This project aims to replicate the work of McIver and Brownstein [1] by using Shogun and by creating an interactive tool which can be used to monitor influenza-like illnesses in near-real-time. In the presented paper, the author shows how it is possible to estimate the incidence of influenza-like illness in the USA by looking at Wikipedia's page views of certain articles.

Description

This GSoC project can be divided into three parts:

  • Develop a machine learning model by using Wikipedia's data with Shogun;
  • Expose the model to the internet with some REST API and provide a web interface to access the results;
  • Prepare a final presentation/demo to show the results of the project.
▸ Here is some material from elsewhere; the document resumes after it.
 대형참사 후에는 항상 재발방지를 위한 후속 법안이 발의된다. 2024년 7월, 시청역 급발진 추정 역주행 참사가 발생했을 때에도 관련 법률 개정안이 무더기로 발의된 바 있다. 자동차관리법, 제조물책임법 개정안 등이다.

The first part is aimed to replicate the results of the original paper by using Shogun architecture. The output of this first part will be a complete script/notebook which shows the obtained results with a data analysis/visualization section and a description of the models used with their strength and weaknesses. To have an idea of what it should look like, you can have a look at several good Kaggle Notebooks (for instance, this one here about predicting house prices). Ideally, the students will have to play with different techniques to see which one best fits our purposes. Moreover, the first part must also produce a serialized version of the final Shogun model such to be loaded and used again. The final model will also be uploaded to OpenML to ensure reproducibility and to make it available to the community.
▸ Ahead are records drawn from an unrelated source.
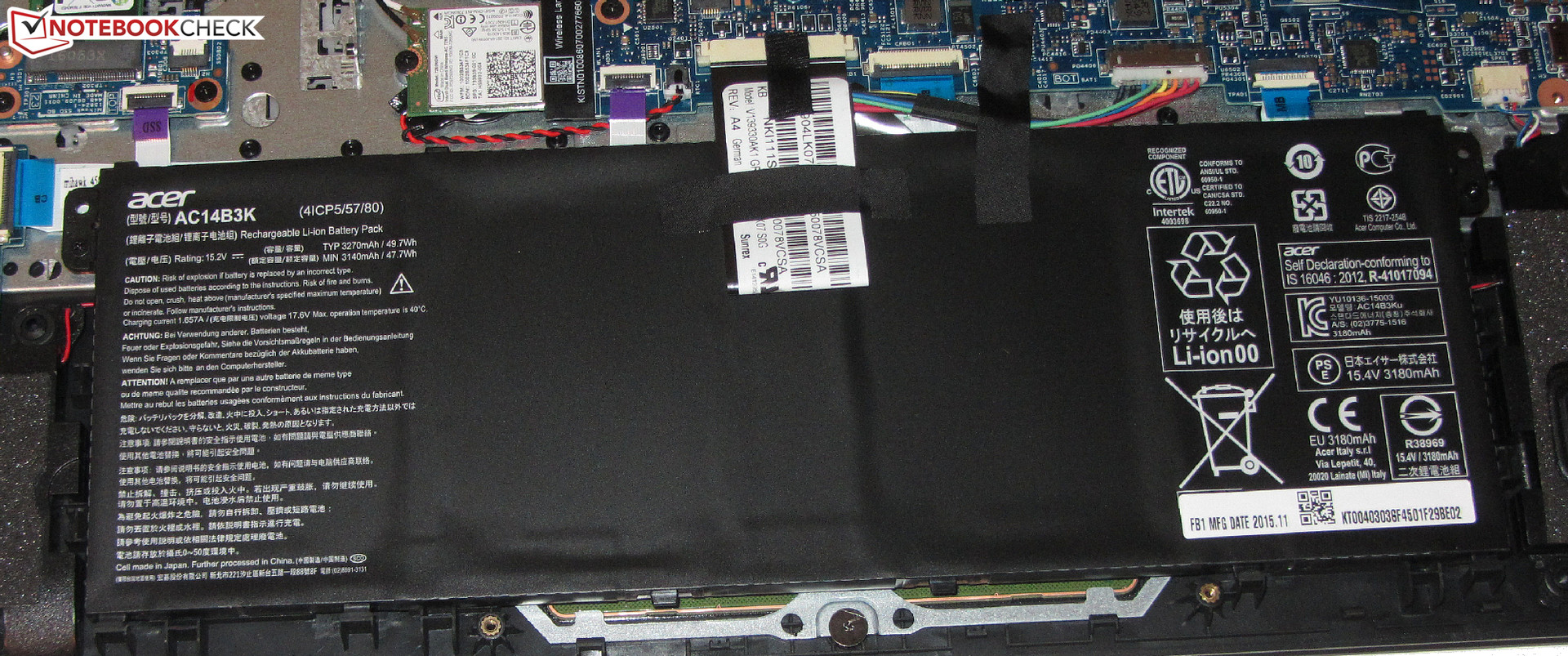 | Acer TravelMate P238-M-5575 49.7 Wh | Acer Aspire V3-372-50LK 51 Wh | HP ProBook 430 G3 P5T00ES 44 Wh | Apple MacBook Air 13 inch 2015-03 54 Wh | Lenovo IdeaPad 500S-13ISK 35 Wh | Acer TravelMate P236-M-57R4 49 Wh | HP Envy 13-d020ng 45 Wh | Schenker S306 45 Wh | Asus Zenbook UX303UA-FN121T 50 Wh | |
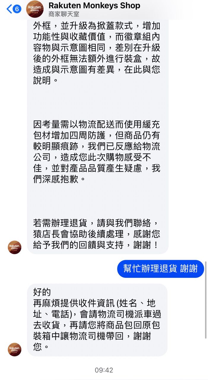 我一收到有反應給客服,得到跟您一樣的回覆。辦理退貨和會反應給相關單位!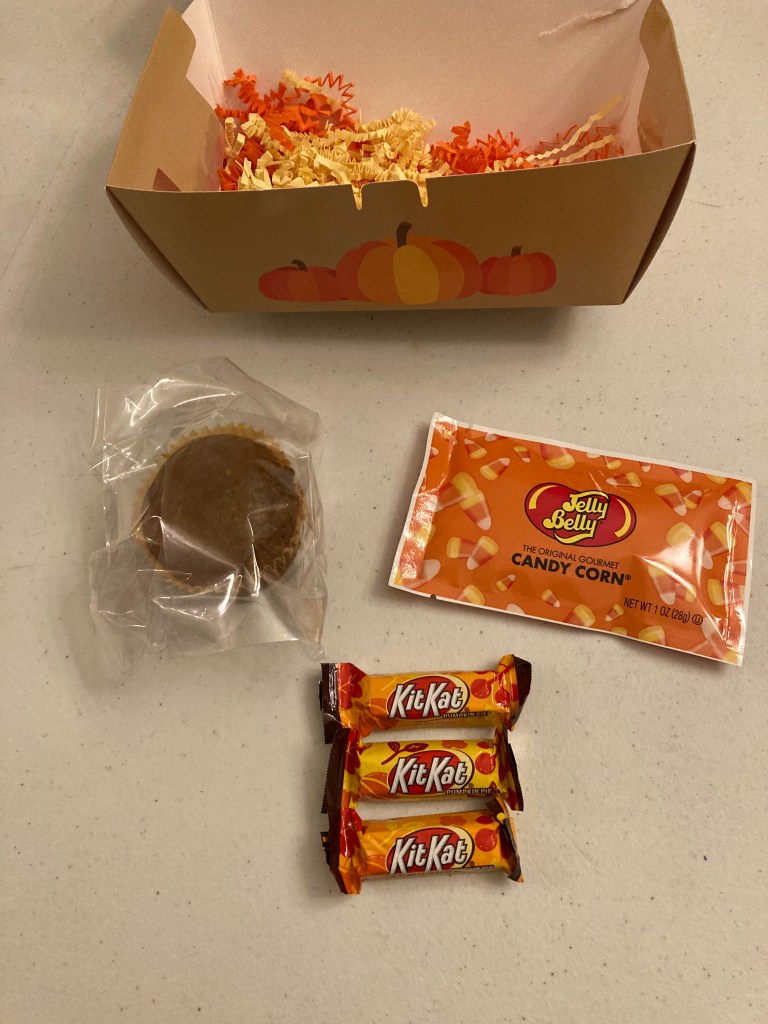 Pilgrims – Our friends Bella & Yosef always come up with a great historical or geographical theme each year. They find great costumes and prepare goodies that coordinate perfectly with them. This year was no different! They were Pilgrims and included fall-themed Kit Kats, a pumpkin muffin, and candy corn jelly beans.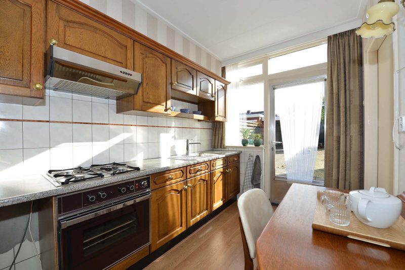 Opvallend veel licht valt de woonkamer aan zowel de voor- als de achterzijde binnen. Met de achterzijde op de oostkant en de voorzijde op de westkant kunt u de hele dag genieten van de zon. De vooralsnog dichte keuken is voorzien van een inbouwkeuken. Keuken en woonkamer geven beide toegang tot de tuin via loopdeur of tuindeuren.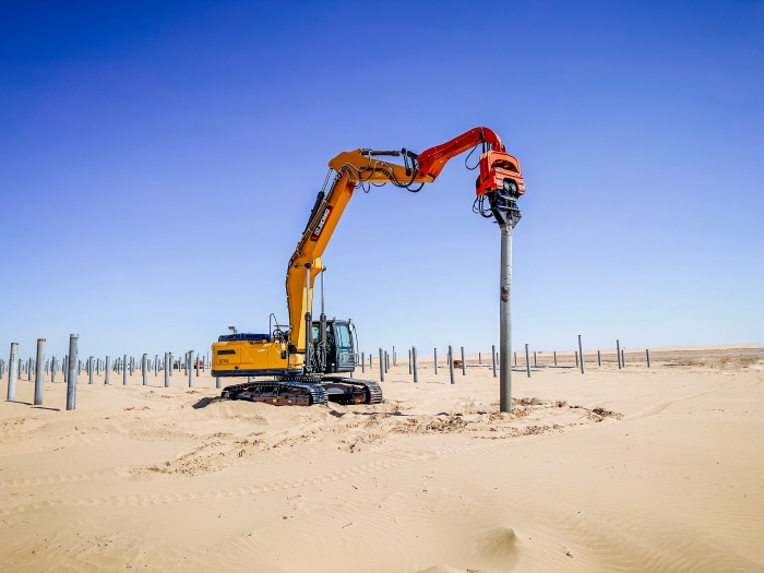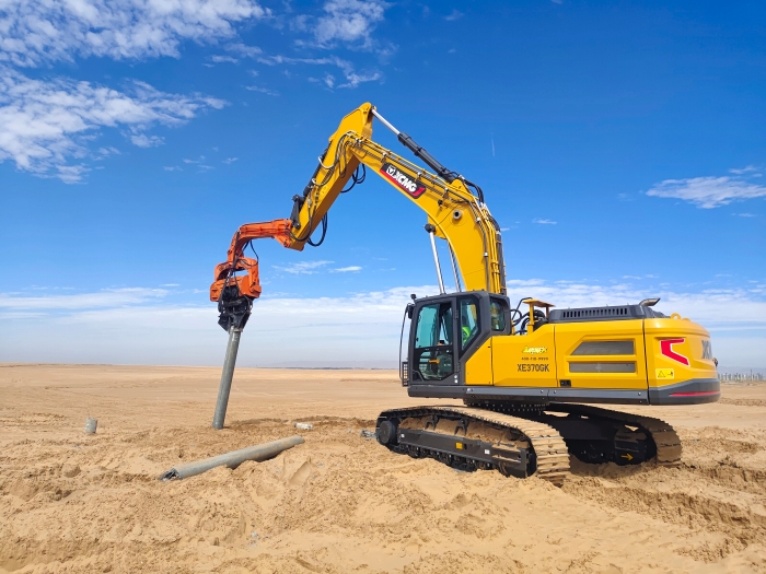 與以往常規(guī)項(xiàng)目不同,此次徐工挖掘機(jī)主要擔(dān)任光伏樁的鋪設(shè)工作,通過改裝振動(dòng)錘和引孔機(jī)等多功能屬具,有效滿足現(xiàn)場多元化施工需求。

In parallel with building the model, potentially the students will engage also with more proper software developer activities within the library. Shogun may miss some features needed for the project (or it could even have some bugs! 😨) and therefore those will need to be implemented. However, this will not be the primal focus of the project.

The second part of the project is aimed to expose this model to the internet by an API. The ideal outcome of this would be a docker container which deploys the model. A web interface must be available such to show the current ILI estimated levels by fetching data from the Wikipedias API [3]. This web interface could show a small plot about the current estimated levels, or a more complex visualization (see [4] for an example).

Ultimately, the student will be required to write a small presentation/demo of the project, which will be presented to the other students/mentors at the end of GSoC.

Mentors

Requirements

You need to know:

  • C++
  • Python
  • Shogun (just a little bit 😉 )
  • Machine Learning Basics (understanding of regression models)
  • Docker and Flask (basic level)
  • HTML/CSS/Javascript (basic level)

If you already have experience in working on machine learning projects (e.g., previous open-source contributions, coursework, etc.) then it would be a plus, but it is not mandatory.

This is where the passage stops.